◆ **Task data**:
--------
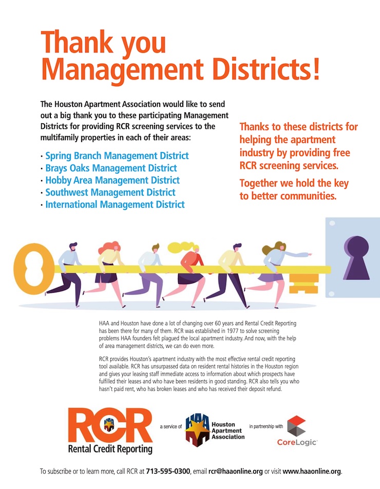 Working with the Houston Apartment Association, we proudly fund apartment complex managers’ use of a system to screen potential renters. This helps create safer and more stable places to live for thousands of families.
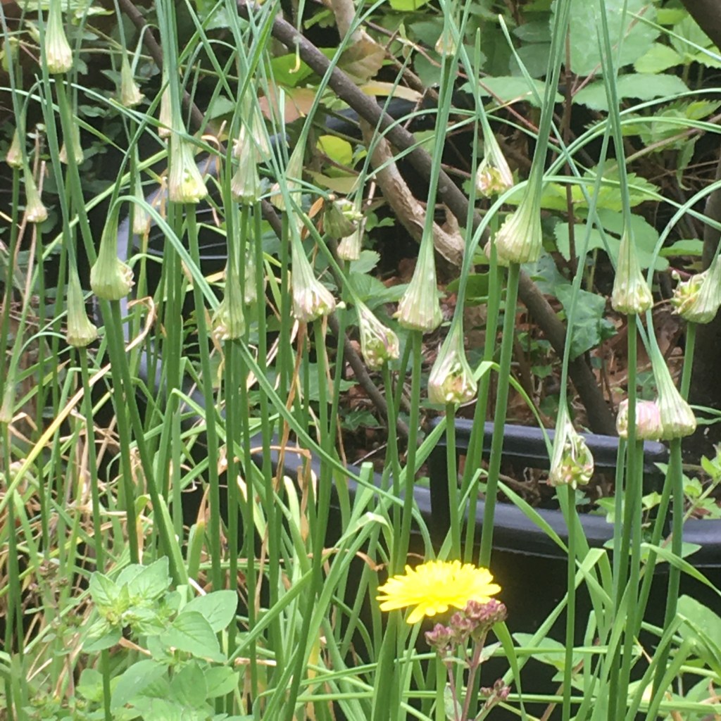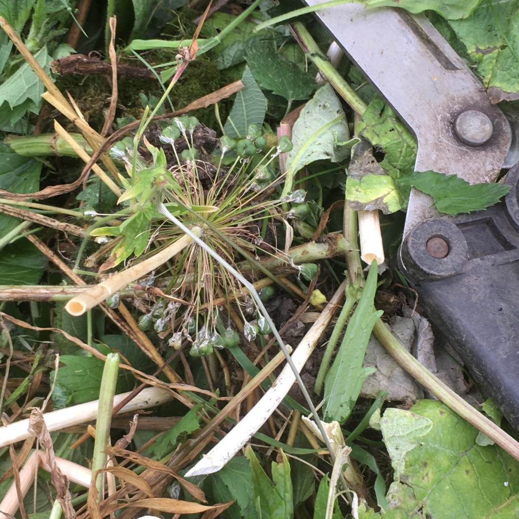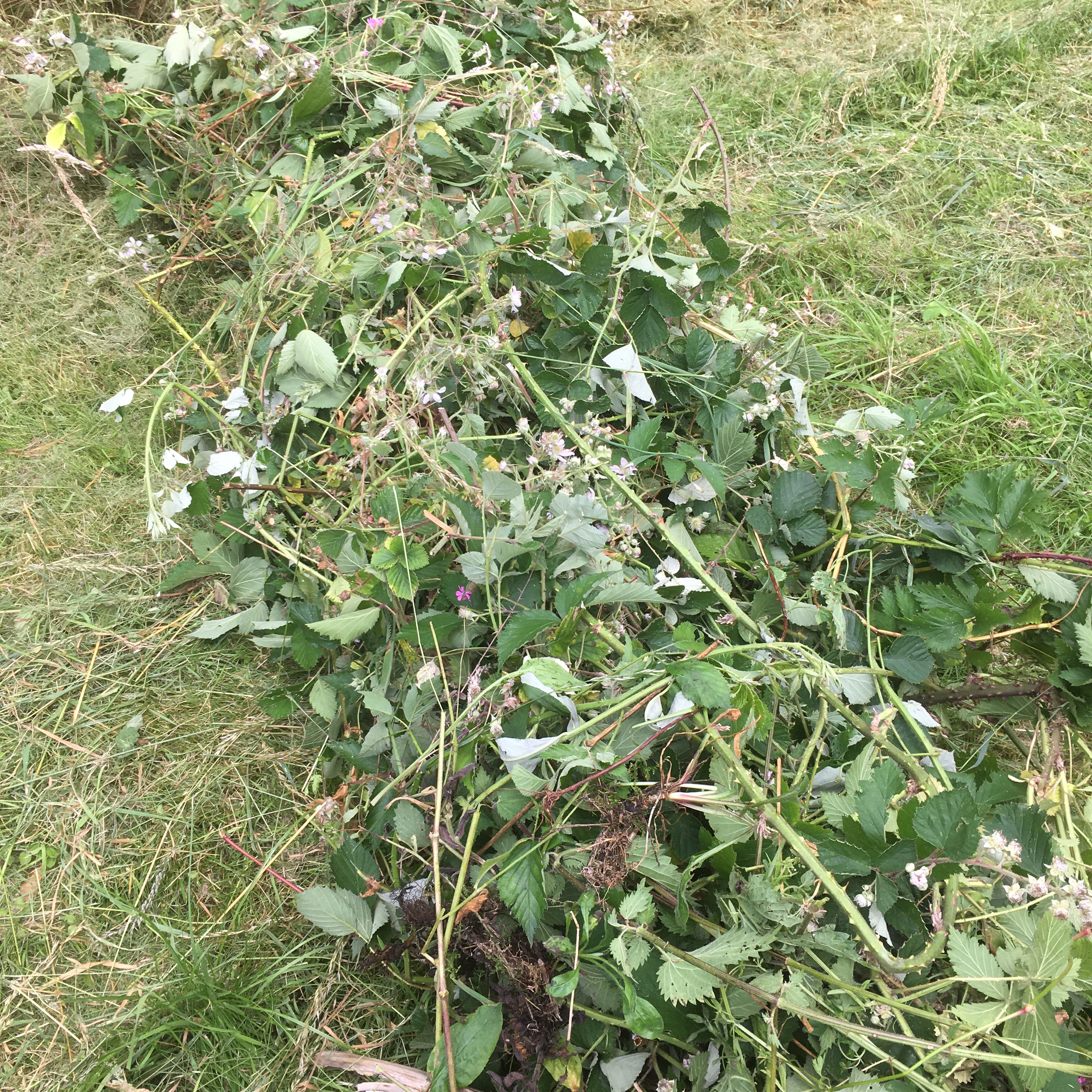 We have about twenty fruit trees in our orchard, and they all need mulching, as there are a lot of nettles growing through some of the trees. I am using the orchard green waste from (this years) bramble growth and nettles. As I rake the long cut stems together, I have ended up with equally long rolls of green mulch material. Cardboard has been put down, to stop the nettles coming back, and the mulch is placed on top. I have also added in some ripe flower seed heads of Alliums and white campion into the mulch rolls. This could be a really good nectar source for pollinating insects if the seeds germinate and get to flowering stage.
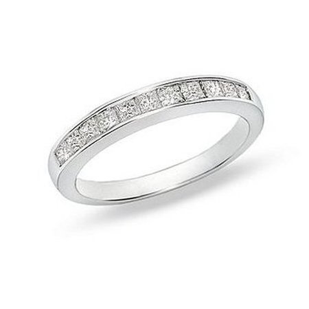 This is an excellent 1/2 CT Princess Cut Diamond Wedding Band in 14K White Gold. The Diamonds are I1-I2 Clarity and H-I Color. The Band is made in 14k White Gold and it weighs 1.8 grams. This ring will be a perfect gift for any occasion.
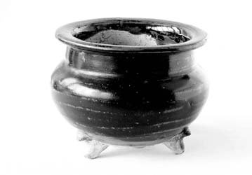 南宋吉州窯黑釉香爐高9厘米,直徑11厘米,爐口平沿外折,中腹微鼓,三只帶弓弧形矮足,露出胎體,底部為灰白色,上面有些粘貼得很緊的紅壤,雖經(jīng)沖刷但依舊保留著,可見此爐應(yīng)為出土之物了。爐身以黑釉為主色調(diào),黑釉施至底部,釉汁瑩潤,釉面光潔,器型規(guī)整,制作精細,別具雅趣。內(nèi)胎不施釉,拉坯痕跡明顯,刀法簡練,瓷土淘洗不夠精細,可以看到一些雜質(zhì),胎體略顯得粗松一點。
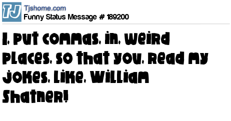 - # 153066 I, put commas, in, weird places, so that, you, read, my jokes, like William, Shatner.
--------
◆ **What needs to be done**:
Pictures do not belong in the copy. Output all of the records exactly.

◆ **Your solution**:
 Working with the Houston Apartment Association, we proudly fund apartment complex managers’ use of a system to screen potential renters. This helps create safer and more stable places to live for thousands of families.
 We have about twenty fruit trees in our orchard, and they all need mulching, as there are a lot of nettles growing through some of the trees. I am using the orchard green waste from (this years) bramble growth and nettles. As I rake the long cut stems together, I have ended up with equally long rolls of green mulch material. Cardboard has been put down, to stop the nettles coming back, and the mulch is placed on top. I have also added in some ripe flower seed heads of Alliums and white campion into the mulch rolls. This could be a really good nectar source for pollinating insects if the seeds germinate and get to flowering stage.
 This is an excellent 1/2 CT Princess Cut Diamond Wedding Band in 14K White Gold. The Diamonds are I1-I2 Clarity and H-I Color. The Band is made in 14k White Gold and it weighs 1.8 grams. This ring will be a perfect gift for any occasion.
 南宋吉州窯黑釉香爐高9厘米,直徑11厘米,爐口平沿外折,中腹微鼓,三只帶弓弧形矮足,露出胎體,底部為灰白色,上面有些粘貼得很緊的紅壤,雖經(jīng)沖刷但依舊保留著,可見此爐應(yīng)為出土之物了。爐身以黑釉為主色調(diào),黑釉施至底部,釉汁瑩潤,釉面光潔,器型規(guī)整,制作精細,別具雅趣。內(nèi)胎不施釉,拉坯痕跡明顯,刀法簡練,瓷土淘洗不夠精細,可以看到一些雜質(zhì),胎體略顯得粗松一點。
 - # 153066 I, put commas, in, weird places, so that, you, read, my jokes, like William, Shatner.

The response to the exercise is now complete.